As I’ve discussed in a previous post, I feel as if I let other people determine how I feel about myself and my body. I hate to bring up my mother again, but I’m going to. My family and the way that they judge people based on their appearances and the way that they are critical of everyone based on their appearance has shaped me and the way I feel about my body. My mother often said when I was a kid, “Fat doesn’t look good on anyone but a pig.” So naturally I grew up thinking that no boy would want to be with me because I was always larger than the other girls. In junior high school, my mother measured my butt and told me that if I just lost a few inches that I would easily be down a size. She further told me, “You better hope that a guy falls for your personality.” My mother made a thousand and one some comments about how unacceptable my body was. My butt was a major point of contention between us. I remember running out of the house one day and my mother stopping me so that she could angrily tell me, “Karen, your ass is getting back fat again.” I know now that I ate more in retaliation. I didn’t start binge eating until college, but in high school I would sneak and get the sweets that were denied me because my mother was not going to win in the war over my body.
I started binge eating in college. I went to a college that was only forty five minutes away from where I grew up, but I had never lived away from my family before and I flipped out. I recognize now that I was suffering from a mental illness, but back then I handled my feelings of anxiety with food. My parents didn’t respond to my extreme weight gain well. I remember being home once and trying to tell my mother that I needed to accept my body at its size. I was trying to communicate to her that self acceptance was important, but my mother’s angry reply was, “Well, I can’t accept you at that size!”
I realized today that if I truly want to be at peace with myself, that I have to be at peace with my body, and that to be at peace with my body is to take care of it and love it, instead of hating it for not being acceptable to certain people. Jesus said, “If a house is divided against itself, that house cannot stand.” If I continue to hate my body, I will forever be miserable.
What Has Hating My Body Gotten Me?
I have hated my body for most of my life. Hating my body has not led to any positive change. I haven’t been able to hate my body into being a smaller size, at least not for very long. I haven’t been able to hate my body into good health. I’m not a psychiatrist but I’m guessing that I’m probably this fat because I hate my body and that is the same thing as hating myself. I know that I binge to deal with my emotions. Most of my turbulent emotions revolve around my self loathing. I hate myself because I weigh as much as I do. I weigh as much as I do because I hate myself.
When I take my body image issues out of the equation, I don’t have a reason to hate myself. I am very well educated. I’m not the famous writer that I want to be, but I have had the balls to follow my bliss. I quit my teaching job in 2001 after 9/11 because I came to the realization that writing fiction is my true passion. I’ve been following my passion since then. I am a good friend, a good daughter, a good sister, and a good auntie. My life isn’t perfect. I’m not perfect by any means, but the thing that I beat myself up the most about is my weight.
I have told myself that if I just lose all this weight than my life will be super awesome. Even in my delusions I know that there is no such thing as a perfect life, but I have convinced myself that if I lose all this weight it will solve a number of problems.
If I Lose All This Weight I will be able to . . .

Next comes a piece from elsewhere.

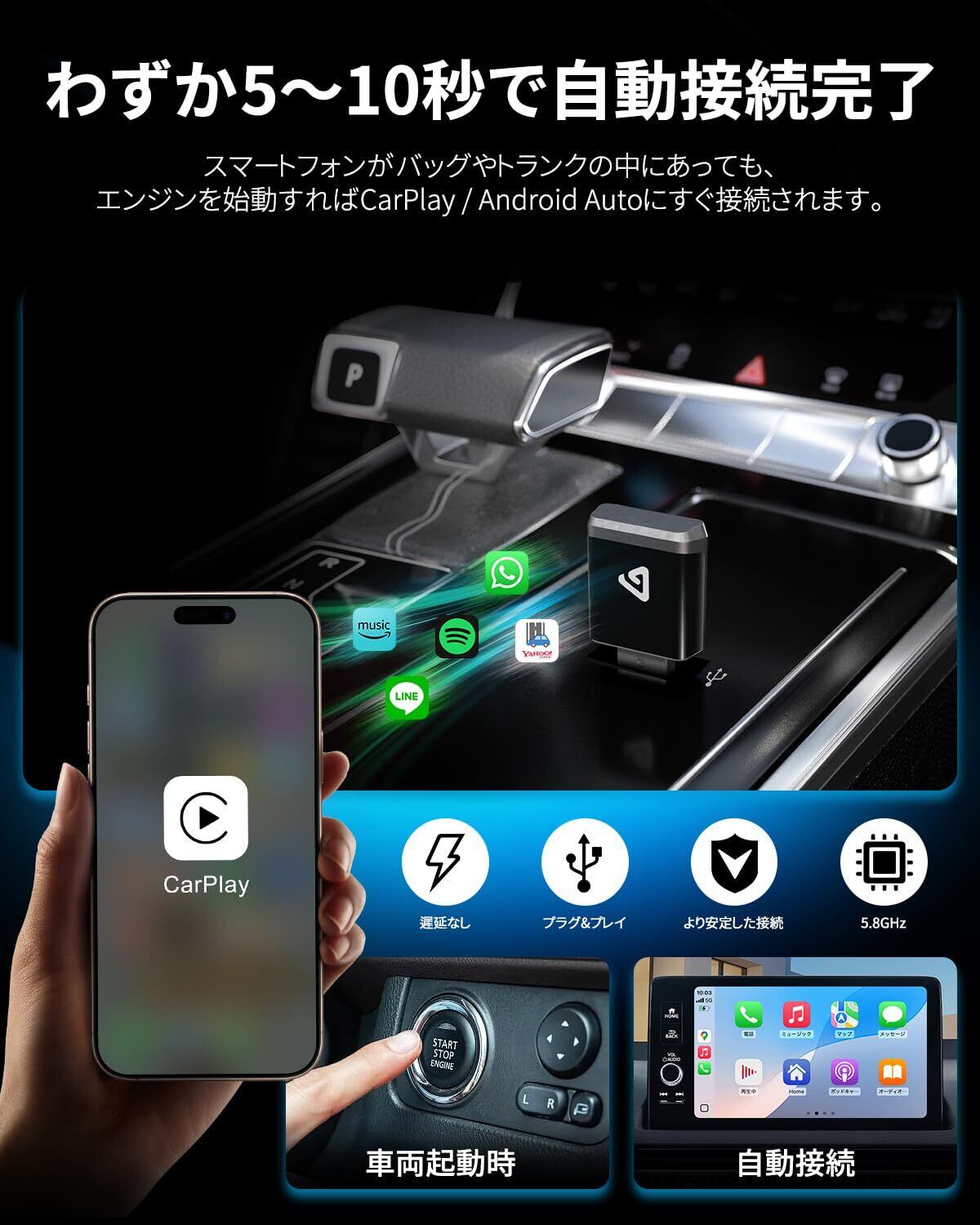 2 in 1:ワイヤレス CarPlay & Android Auto に対応:有線接続の CarPlay / Android Auto をワイヤレスに変換。ナビ、音楽再生、通話、音声アシスタントなどすべての機能をそのままに、スマートで快適なドライブを実現します。

- Find a man and get married
- Have kids
- Travel to Europe
- Shop in a regular store and buy regular sized clothes
- Buy Designer clothes
- Not have to worry about strangers saying fucked up things to me
- Not have to worry about my family saying fucked up things to me
- Not have to worry about fitting into chairs with arms, turn styles, and rides at amusement parks
I see now that since I have conflated losing weight with achieving an ideal life, that when I stumble in my healthy eating journey or when I don’t lose the weight fast enough that I wind up hating myself even more. That hatred leads to even more binge eating.
Today is the day that I stop the hatred. Today is the day that I decide to love my body and myself unconditionally.
This is a rather long post already, so I won’t go into what loving my body means for my weight loss journey and my fitness regime.